I had never thought of Procession in this way, but it really a strikingly elegant way of designing a dedicated Action upgrader.

Exactly.

Concept: A card that upgrades Action cards.
Problem: People want to play their Action cards, not trash them.
Solution: Have the card play the target Action before upgrading it. Twice.

Mine and Rebuild upgrade their respective card types by $3 because that's the necessary threshold on most boards. Actions at adjacent costs are the norm, so an upgrade of $1 makes sense.

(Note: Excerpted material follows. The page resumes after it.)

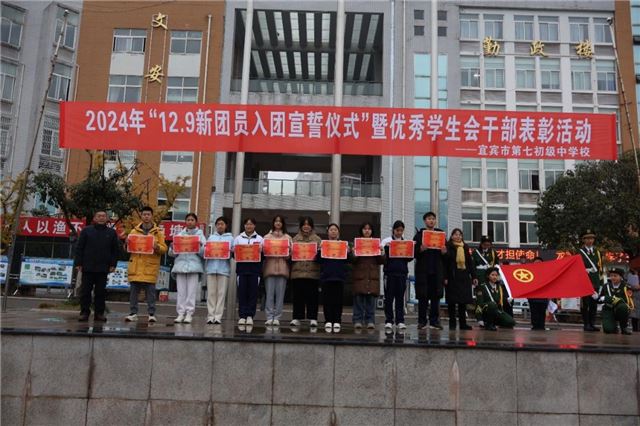 12月9日上午,宜宾七中成功举办了2024年秋期新团员入团宣誓仪式,仪式以“挺膺担当砺青春,奋楫笃行向未来”为主题。本次活动旨在引导全校团员青年积极融入新常态,弘扬社会正能量,传播青年好声音,并自觉践行社会主义核心价值观,展现新团员的忠诚、担当、务实、奋进精神。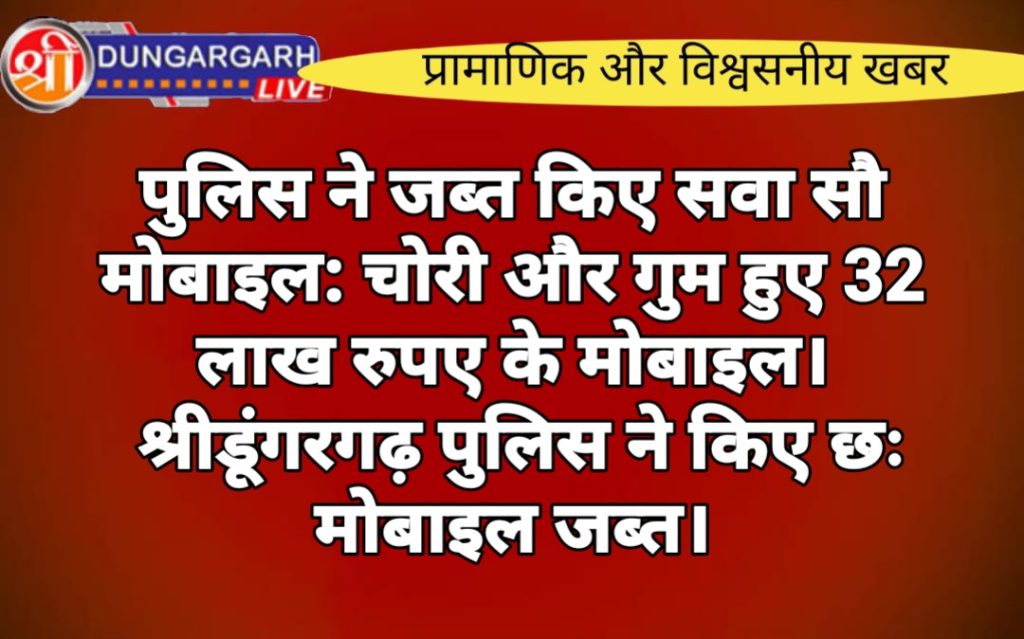साईबर सैल कार्यालय के 57, पुलिस थाना कोटगेट के 20, पुलिस थाना साईबर के 13, पुलिस थाना नयाशहर के 10, पुलिस थाना श्रीडूंगरगढ के छह, पुलिस थाना एमपीनगर के छह, पुलिस थाना बीछवाल के चार, पुलिस थाना लूणकरनसर के दो, कालू के दो, कोलायत के दो, बज्जू का एक, नाल का एक, गजनेर का एक और पांचू का एक मोबाइल पुलिस ने बरामद किया है।

With a few exceptions, higher priced Treasures/Victories are strictly better, so "up to" isn't much of a problem.  With actions, if Procession let you upgrade "up to" $1 more that would be way stronger.  And if you made it upgrade by exactly $2 (or exactly $3) you would hit dead ends too quickly, perhaps.
Title: Re: Donald X on Rebuild
Post by: soulnet on December 16, 2013, 02:47:47 pm
With a few exceptions, higher priced Treasures/Victories are strictly better, so "up to" isn't much of a problem.  With actions, if Procession let you upgrade "up to" $1 more that would be way stronger.  And if you made it upgrade by exactly $2 (or exactly $3) you would hit dead ends too quickly, perhaps.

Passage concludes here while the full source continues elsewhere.